One of the initContainer is called config-init. It was created 55 mins ago but it stuck since then. We suspected perhaps the init container stuck somewhere but the customer's app team analyzed the INIT container log and they found the init container has finished running as they found the container output an ending log.

55m        Normal   Created                 pod/po-cran3-rcpsdl-2                                      Created container config-init
55m        Normal   Started                 pod/po-cran3-rcpsdl-2                                      Started container config-init
50s        Warning  FailedSync              pod/po-cran3-rcpsdl-2                                      error determining status: status.CreatedAt is not set

Version-Release number of selected component (if applicable):

4.10.10

How reproducible:

Quite often in customer's env
Several times per day as they are doing rapid redeployment testing

Steps to Reproduce:
1. Delete and deploy customer's pod
2. Sometimes one of the pod will stuck in INIT status
3. This issue could happen to random application pod, even the pod has different initContainer image and command

Actual results:


Expected results:


Additional info:

Comment 1 Peter Hunt 2022-06-08 13:51:57 UTC
can you attach a must-gather or sos_report from a node on which an affected pod is scheduled?

Comment 5 Chen 2022-06-10 01:20:18 UTC
Hi Ryan,

Thank you for your reply.

>I suspect the pod memory limits are set too low. Can you request the CU to raise the pod memory limits?

Do you mean the memory limits of initContainer ?

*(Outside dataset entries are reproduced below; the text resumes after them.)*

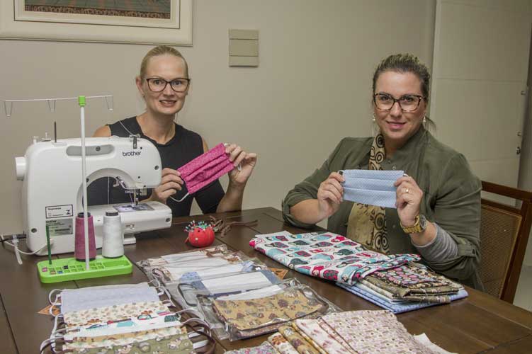 As amigas Lídia Gewehr e Aline Klamt trocam máscaras por alimentos para doação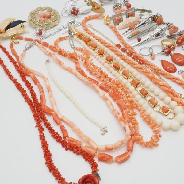 (SM1008) 1円 珊瑚 アクセサリー 大量セット サンゴ コーラル ネックレス ペンダントトップ イヤリング ブローチ 指輪 等 まとめて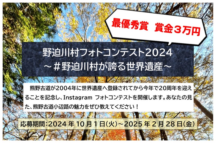 熊野古道が2004年に世界遺産へ登録されてから、今年で20周年。それを記念し野迫川村では、小辺路の素敵な写真をシェアするInstagramフォトコンテストを2025年2月28日(金)まで開催中。最優秀賞受賞者には賞金3万円が贈呈されるなど、多くの人に熊野古道の魅力が伝わる企画となっています。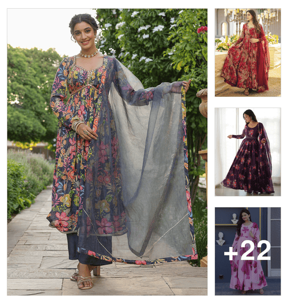 globus women maroon embroidered v-neck allover gold foil printed anarkali kurta with narrow pants festive set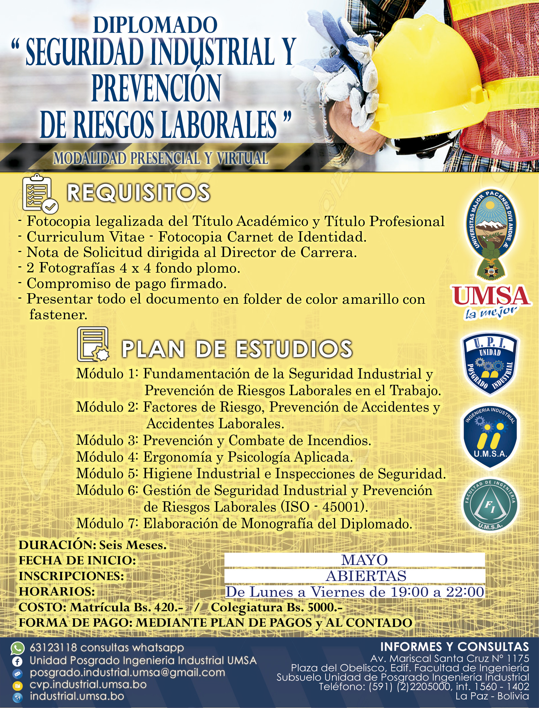 - Desarrollar competencias y valores que le permitirá operar los Sistemas de Gestión en Seguridad Industrial y Prevención de Riesgos Laborales, así como liderar los procesos de mejora continua, para el logro de objetivos de las instituciones públicas y privadas.

The "config-init" initContainer in cran2/po-cran2-rcpsdl-0 pod indeed has a low limits, which is 50Mi. However this issue also happens on other PODs and for example, pod="cran1/po-cran1-rcpfm-0" containerName="alarmdata-init-1" as following log shows:

Jun 02 16:40:52 hz25f-pz-10-106-244-34-master01 hyperkube[8356]: E0602 16:40:52.980366    8356 cpu_manager.go:470] "ReconcileState: failed to update container" err="rpc error: code = Unknown desc = updating resources for container \"3e5a6ba24d38fb4ed823ecd8cfe9eb636e741291a02c1a713974b60771c75b28\" failed: time=\"2022-06-02T16:40:52+08:00\" level=warning msg=\"Setting back cgroup configs failed due to error: Unit crio-3e5a6ba24d38fb4ed823ecd8cfe9eb636e741291a02c1a713974b60771c75b28.scope not found., your state.json and actual configs might be inconsistent.\"\ntime=\"2022-06-02T16:40:52+08:00\" level=error msg=\"Unit crio-3e5a6ba24d38fb4ed823ecd8cfe9eb636e741291a02c1a713974b60771c75b28.scope not found.\"\n  (exit status 1)" pod="cran1/po-cran1-rcpfm-0" containerName="alarmdata-init-1" containerID="3e5a6ba24d38fb4ed823ecd8cfe9eb636e741291a02c1a713974b60771c75b28" cpuSet="0-63"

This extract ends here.